Speaker Brian Bosma's decision to end, for now, formal prayers to open the start of House sessions is a reasonable move in light of a federal court ruling that banned the name Jesus Christ from official invocations. Legislators instead are gathering on their own time to pray before the session begins. Bosma wisely chose not to defy Judge David Hamilton's ruling while the case is under appeal. Even leaders of the Indiana Civil Liberties Union, which launched the lawsuit, say the prayer huddle is within bounds of the Constitution.
While the "huddle at the back of the chamber prayer" may be legal, it is completely absurd and a slap in the face of the legislators who don't feel comfortable participating in this "Christian prayer display." A reasonable move would have been to continue the practice, but with non-sectarian prayers, as the Senate intends to do and as does every other legislature in the country.
To add further insult to injury, the Star editorial blames the plaintiffs who brought the lawsuit rather than Bosma for the controversy:
One of the sloppier arguments raised by critics of Statehouse prayers is that Christian conservatives serving in the legislature are wasting time by continuing to debate the issue. It wasn't conservatives who brought this fuss to the forefront. Even the harshest critics should acknowledge that important questions about freedom of speech and religion have been raised. One side can't expect to start an argument, then try to shut it down when others object to their actions.
It is under Speaker Bosma's short tenure as Speaker that this problem arose. He chose to invite clergy who used their prayer time to turn the House of Representatives into the "Old Time Gospel Hour," which several Christian and non-Christian lawmakers, lobbyists and citizens rightfully found to be a constitutional violation of the separation of church. It was completely within Speaker Bosma's power to take steps to avoid the lawsuit which ensued, but he instead chose a political course to ensure a legal fight. He even went so far as to have his name inserted into the titled caption for the case so that any references to the case for historical purposes would identify him individually with the case.
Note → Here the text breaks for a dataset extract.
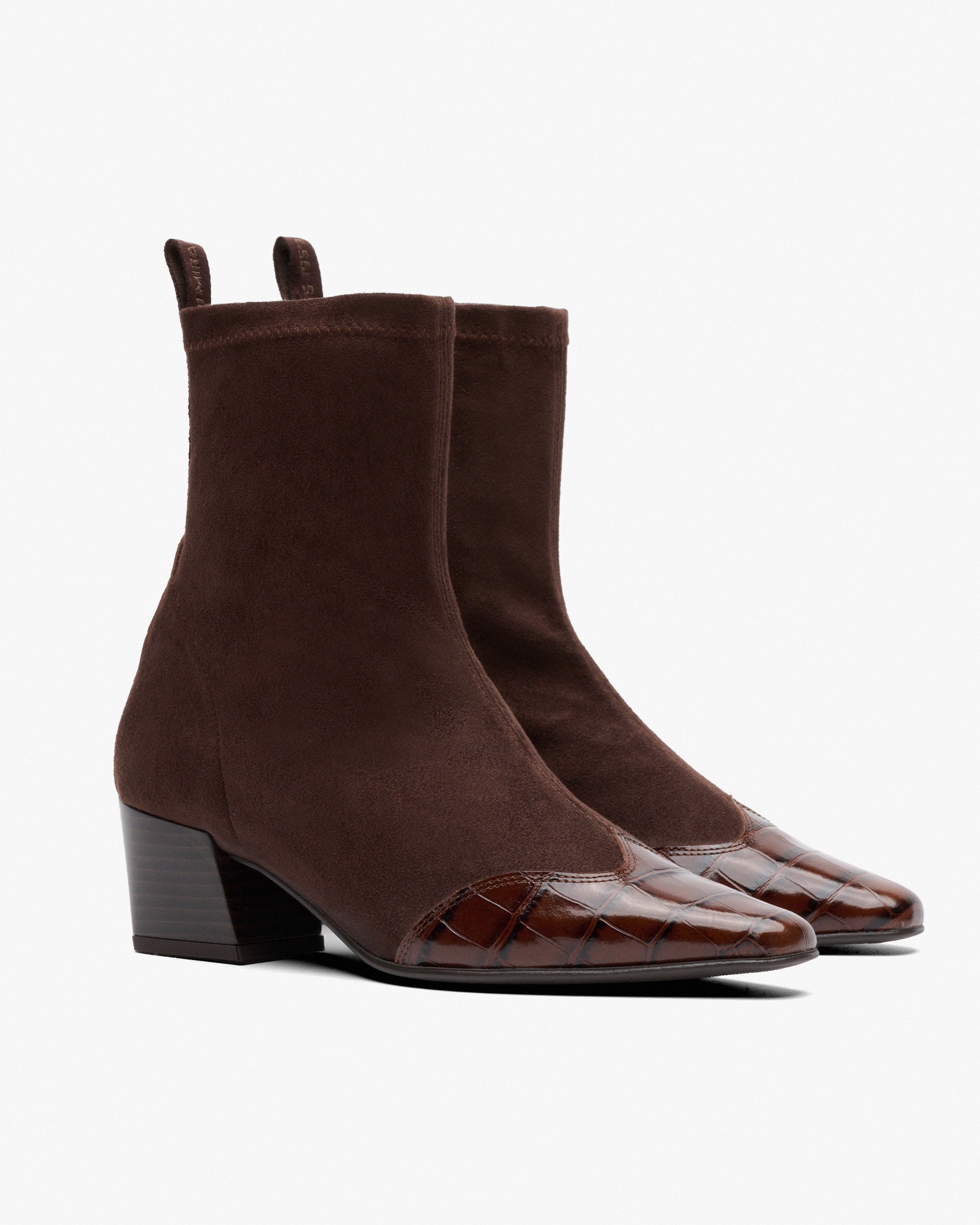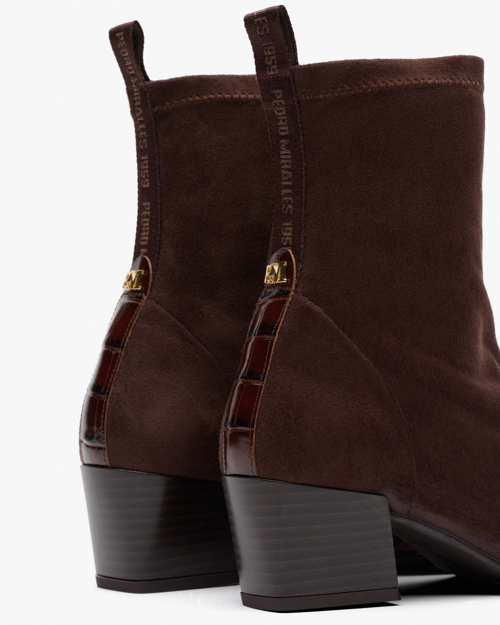 Braune Stiefeletten aus Stretchgewebe in Wildlederoptik mit geprägten Lederdetails. Das Lederdetail auf der Vorder- und Rückseite des Schuhs verleiht dem Modell einen kühnen und modernen Touch. Das Stretchgewebe bietet optimalen Halt und erhöht den Bewegungskomfort beim Gehen.

As we previously reported, Bosma is already using the prayer case in fundraising solicitation letters to supporters. And today, reports surface at Taking Down Words that House Republicans have been filming the prayer ordeal at the State House this week, presumably for use in political advertisements.
So why are the Star editorial writers apologizing for Bosma? Because of the lawsuit two former disgruntled employees brought against the newspaper, which alleges that the Star management discriminated against them because of their Christian religious beliefs. Although the EEOC found no basis for the claim, conservative gadfly lawyer John Price, an adviser to the American Family Association of Indiana, brought the suit on their behalf to advance the Christian right's agenda of changing the editorial content of the Star. Until the Star puts the lawsuit behind it, its editorial writers have been walking on pins and needles to avoid offending the religious right. Today's editorial is another example of that duplicity.